**Goal of the exercise**
Output, verbatim and without pictures, the lines from the first line of the listing through the line containing "Acest set de".

[[ Source material open ]]

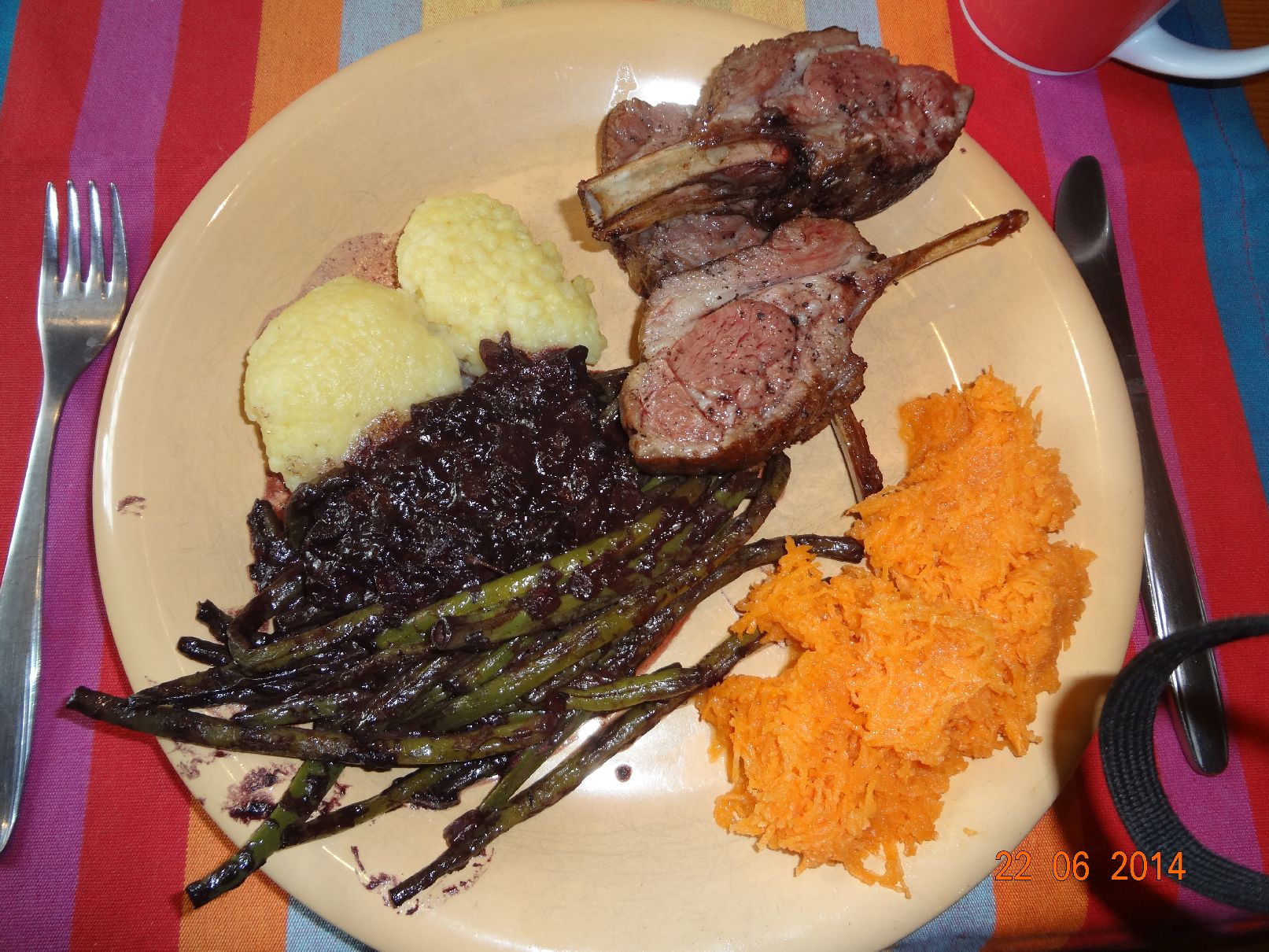 | Lamm-Karree mit grünen Bohnen in Rotwein-Zwiebel-Soße und Knödel |
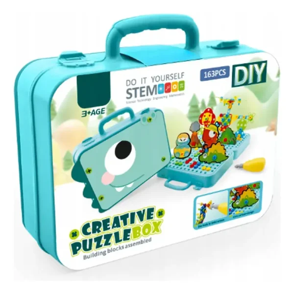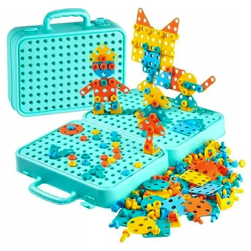 Acest set de construcție cu bormașină electrică și piese colorate îi invită pe copii într-o lume plină de creativitate și imaginație.
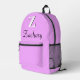 Un sac à dos monogramme personnalisé conçu dans un style élégant et moderne. Cet élégant sac à dos Rich Brilliant Lavender est doté d'un "Z" initial blanc gras avec une ombre noire et un nom personnalisable en caractères de script noir. Parfait pour ajouter une touche de sophistication et de personnalisation à votre style quotidien. Idéal pour les sorties scolaires, professionnelles ou décontractées, ce sac à dos combine fonctionnalité et design chic qui se démarque.

[[ Source material closed ]]

**Output for this exercise**
 | Lamm-Karree mit grünen Bohnen in Rotwein-Zwiebel-Soße und Knödel |
 Acest set de construcție cu bormașină electrică și piese colorate îi invită pe copii într-o lume plină de creativitate și imaginație.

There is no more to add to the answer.